Description of architecture-datascience-use-cases.png follows
Description of the illustration architecture-datascience-use-cases.png

The architecture has the following components:

  • Region

    An Oracle Cloud Infrastructure region is a localized geographic area that contains one or more data centers, called availability domains. Regions are independent of other regions, and vast distances can separate them (across countries or even continents).

  • Availability domains

    Availability domains are standalone, independent data centers within a region. The physical resources in each availability domain are isolated from the resources in the other availability domains, which provides fault tolerance. Availability domains don’t share infrastructure such as power or cooling, or the internal availability domain network. So, a failure at one availability domain is unlikely to affect the other availability domains in the region.

  • Fault domains

    A fault domain is a grouping of hardware and infrastructure within an availability domain. Each availability domain has three fault domains with independent power and hardware. When you distribute resources across multiple fault domains, your applications can tolerate physical server failure, system maintenance, and power failures inside a fault domain.

  • Virtual cloud network (VCN) and subnets

    A VCN is a customizable, software-defined network that you set up in an Oracle Cloud Infrastructure region. Like traditional data center networks, VCNs give you complete control over your network environment. A VCN can have multiple non-overlapping CIDR blocks that you can change after you create the VCN. You can segment a VCN into subnets, which can be scoped to a region or to an availability domain. Each subnet consists of a contiguous range of addresses that don't overlap with the other subnets in the VCN. You can change the size of a subnet after creation. A subnet can be public or private.

  • Data Science service

    A fully managed, serverless platform for data science teams to build, train, and manage machine learning models. It can easily integrate with other OCI services such as Autonomous Data Warehouse, Object Storage, and more.

  • Autonomous Data Warehouse

    An Oracle autonomous database that includes Oracle Machine Learning. Data scientists can build, evaluate, score, and deploy machine learning models using in-database Oracle Machine Learning features and the related Notebooks interface. You can also use Autonomous Transaction Processing.

  • Application VM

    An OCI Compute instance with Oracle Linux installed and ready for installation of tools and applications that need access to the database.

  • Data Catalog

    OCI Data Catalog is a fully managed, self-service data discovery and governance solution for your enterprise data. Data Catalog provides a single collaborative environment to manage technical, business, and operational metadata.
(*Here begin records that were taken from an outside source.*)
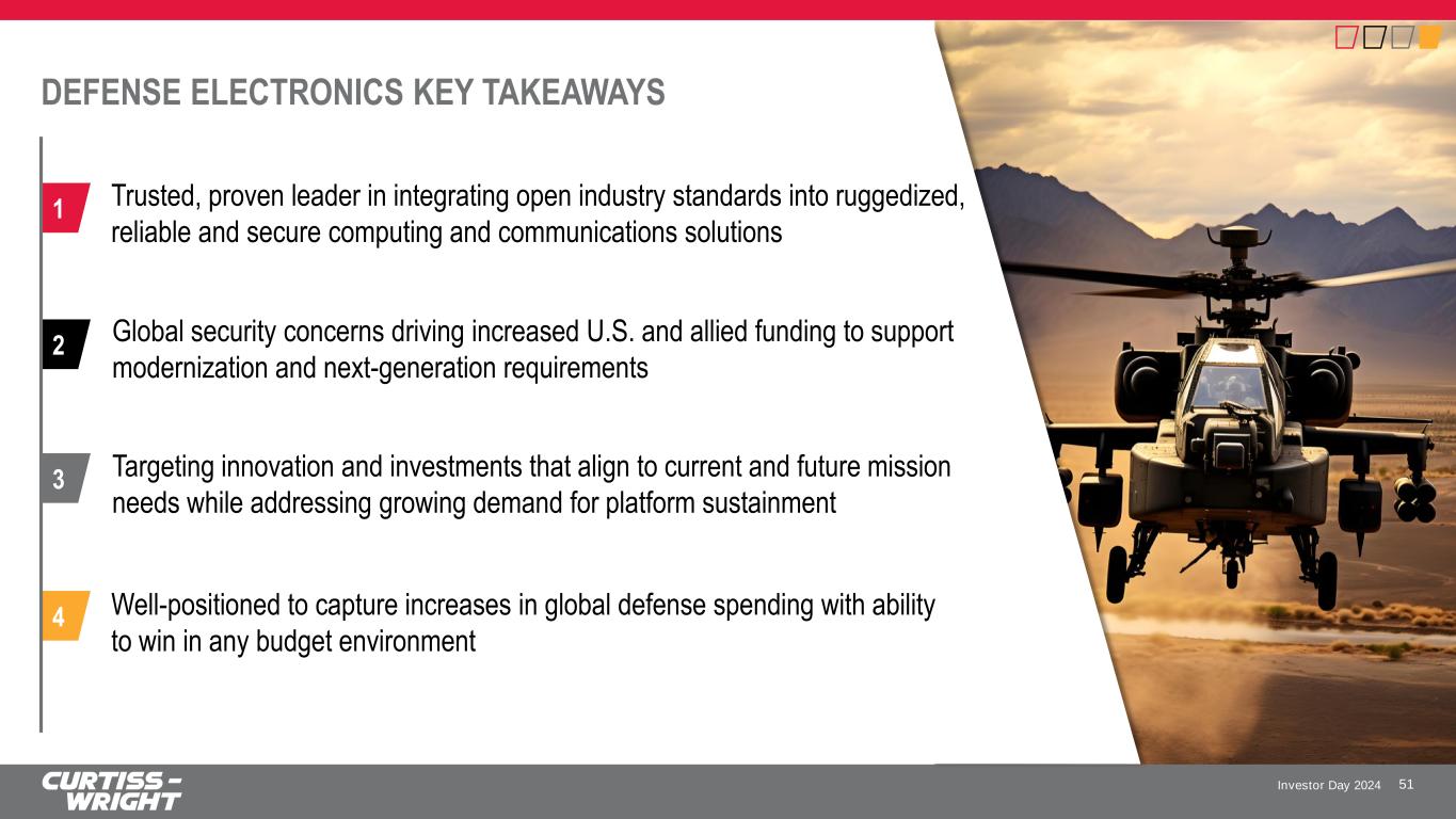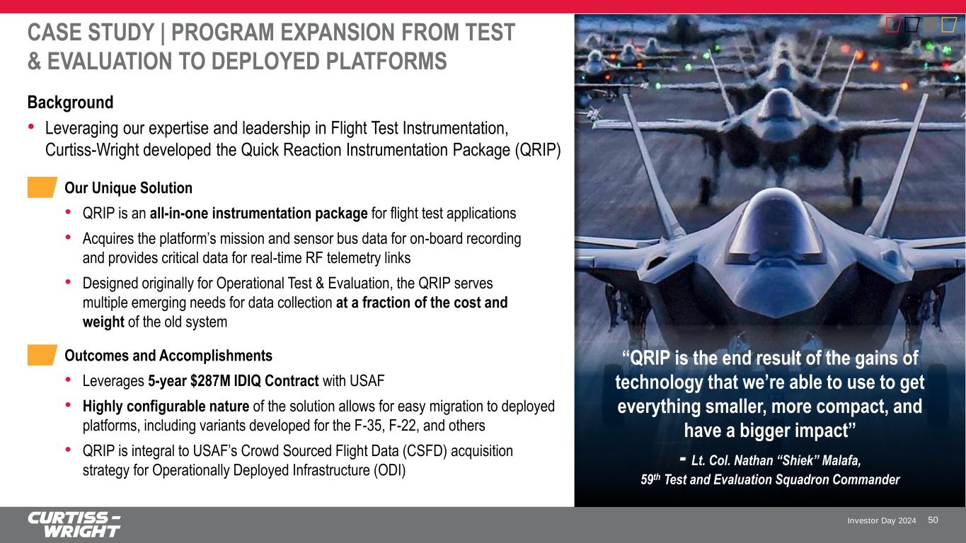Investor Day 2024 CASE STUDY | PROGRAM EXPANSION FROM TEST & EVALUATION TO DEPLOYED PLATFORMS Background • Leveraging our expertise and leadership in Flight Test Instrumentation, Curtiss-Wright developed the Quick Reaction Instrumentation Package (QRIP) 50 Our Unique Solution • QRIP is an all-in-one instrumentation package for flight test applications • Acquires the platform’s mission and sensor bus data for on-board recording and provides critical data for real-time RF telemetry links • Designed originally for Operational Test & Evaluation, the QRIP serves multiple emerging needs for data collection at a fraction of the cost and weight of the old system Outcomes and Accomplishments • Leverages 5-year $287M IDIQ Contract with USAF • Highly configurable nature of the solution allows for easy migration to deployed platforms, including variants developed for the F-35, F-22, and others • QRIP is integral to USAF’s Crowd Sourced Flight Data (CSFD) acquisition strategy for Operationally Deployed Infrastructure (ODI) “QRIP is the end result of the gains of technology that we’re able to use to get everything smaller, more compact, and have a bigger impact” - Lt. Col. Nathan “Shiek” Malafa, 59th Test and Evaluation Squadron Commander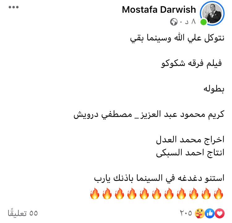 وكتب مصطفى درويش، منشورًا عبر حسابه الشخصي بموقع التواصل الاجتماعي “فيس بوك”: “نتوكل على الله وسينما بقي فيلم فرقة شكوكو بطولة كريم محمود عبد العزيز ومصطفى درويش.. استنوا دغدغة في السينما بإذنك يا رب”.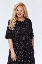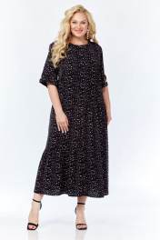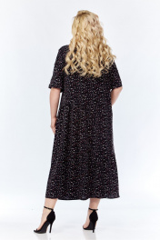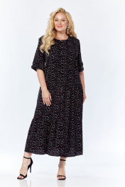 Силуэт полуприлегающий, расширенный к низу. Рукава втачные, двухшовные, внизу на манжетах. Внизу передних швов рукавов выполнены разрезы. Длина рукавов 34 см. Горловина закруглённая, на обтачке, которая закреплена отделочной строчкой. Перед с нагрудными вытачками. От правого плеча переда, вниз идёт один скошенный рельеф. На спинке также от правого плеча вниз идёт один скошенный рельеф. На левой части платья (спереди и сзади) внизу выполнен подрез, к которому пришита оборка со сборкой. На правой части платья (спереди и сзади) ниже уровня талии выполнен подрез, к которому пришита нижняя часть платья со сборкой. В боковых швах платья, на уровне линии бёдер, выполнены потайные карманы. Длина платья по спинке 126см. Платье выполнено из лёгкой плательной ткани. Обмеры 70 размера – ПОГ 73, ПОБ 96, длина по спинке 126, длина рукава 34.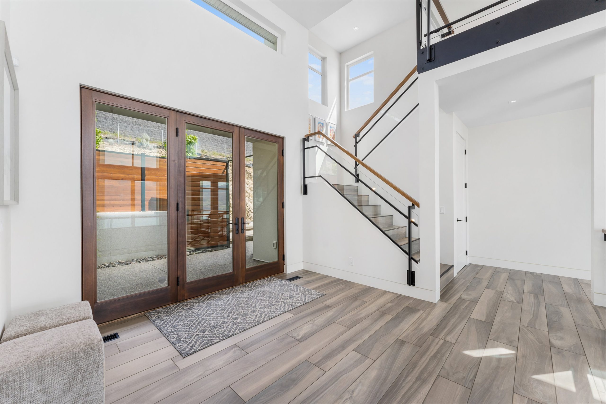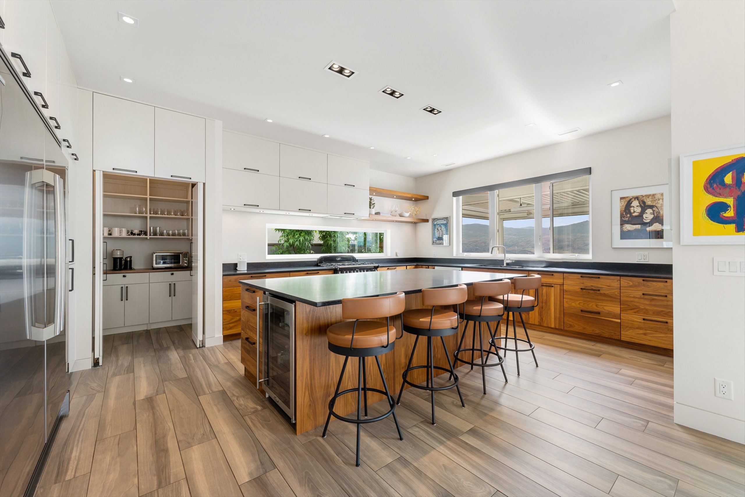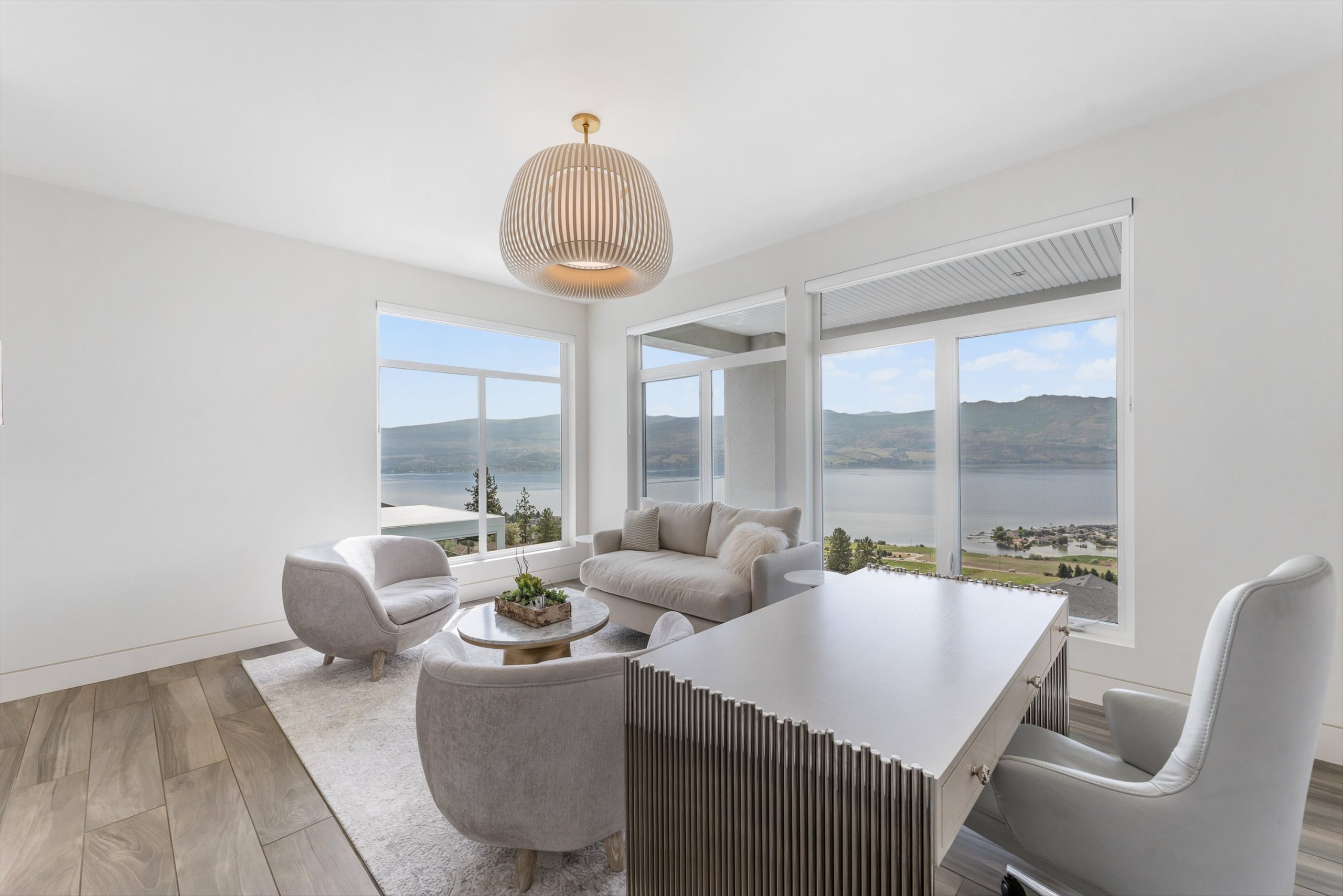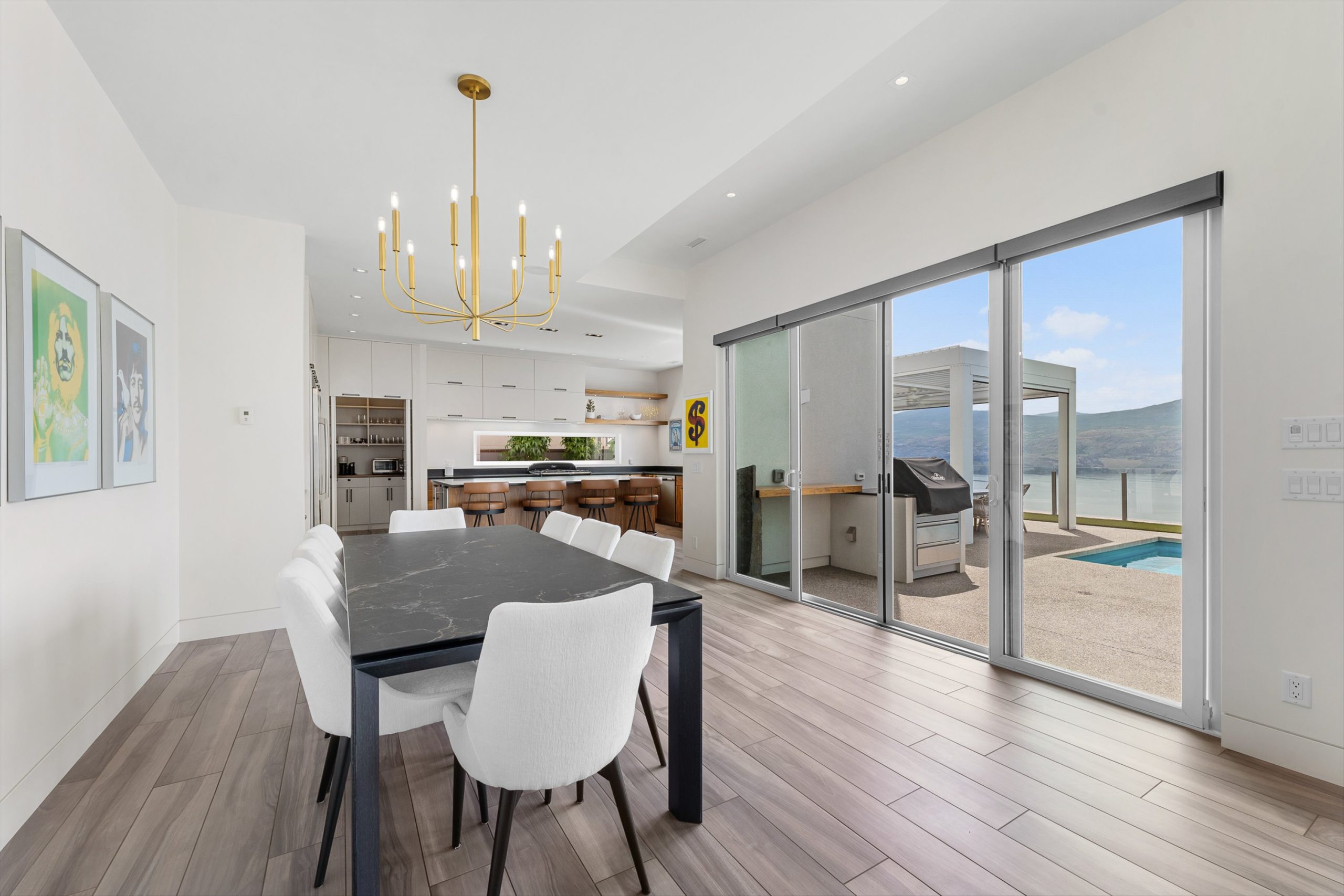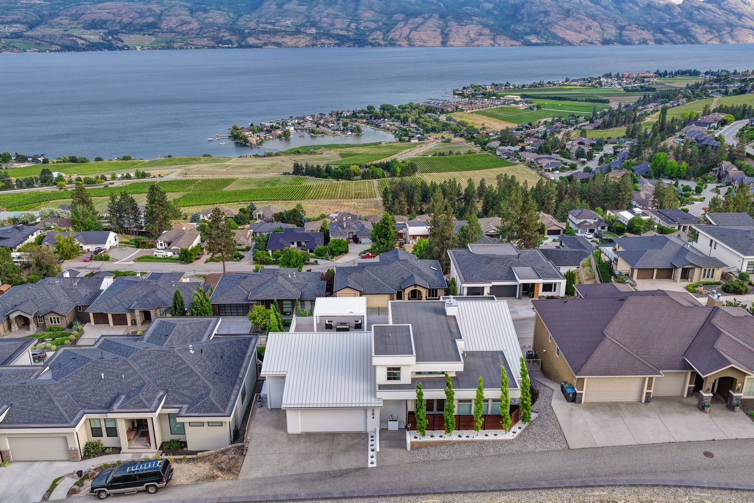A contemporary showpiece in Lakeview Heights, this architectural residence is a masterclass in design, scale, and comfort. With soaring 12-ft ceilings, walls of glass, and seamless indoor-outdoor flow, the home is purposefully oriented to capture panoramic views of Okanagan Lake, surrounding vineyards, and the valley below. Crafted for elevated living and entertaining, the interior features heated tile plank floors, a grand-scale expansive fireplace in the great room, and a chef-inspired kitchen with leathered granite island, AGA range, Electrolux fridge/freezer, and butler’s pantry.

  • Oracle Analytics Cloud

    Oracle Analytics Cloud empowers business analysts with modern, AI-powered, self-service analytics capabilities for data preparation, visualization, enterprise reporting, augmented analysis, and natural language processing and generation.

    Oracle Analytics Cloud is integrated with Oracle Machine Learning. This integration allows analysts to list available in-database models and use those models in Oracle Analytics Cloud analytics and dashboards.

  • APEX

    Oracle APEX Application Development is a low-code development platform that enables you to build scalable and secure enterprise applications that you can deploy anywhere. It's included with Autonomous Database and requires no installation. APEX users can access models and results from Oracle Machine Learning.

Recommendations

Your requirements might differ from the architecture described here. Use the following recommendations as a starting point.

  • VCN

    When you create a VCN, determine the number of CIDR blocks required and the size of each block based on the number of resources that you plan to attach to subnets in the VCN. Use CIDR blocks that are within the standard private IP address space.

    Select CIDR blocks that don't overlap with any other network (in Oracle Cloud Infrastructure, your on-premises data center, or another cloud provider) to which you intend to set up private connections.

    After you create a VCN, you can change, add, and remove its CIDR blocks.

    When you design the subnets, consider your traffic flow and security requirements. Attach all the resources within a specific tier or role to the same subnet, which can serve as a security boundary.

  • Security

    Use Oracle Cloud Guard to monitor and maintain the security of your resources in OCI proactively. Cloud Guard uses detector recipes that you can define to examine your resources for security weaknesses and to monitor operators and users for risky activities. When any misconfiguration or insecure activity is detected, Cloud Guard recommends corrective actions and assists with those actions, based on responder recipes that you can define.

    For resources that require maximum security, Oracle recommends that you use security zones. A security zone is a compartment associated with an Oracle-defined recipe of security policies that are based on best practices. For example, the resources in a security zone must not be accessible from the public internet and they must be encrypted using customer-managed keys. When you create and update resources in a security zone, OCI validates the operations against the policies in the security-zone recipe, and denies operations that violate any of the policies.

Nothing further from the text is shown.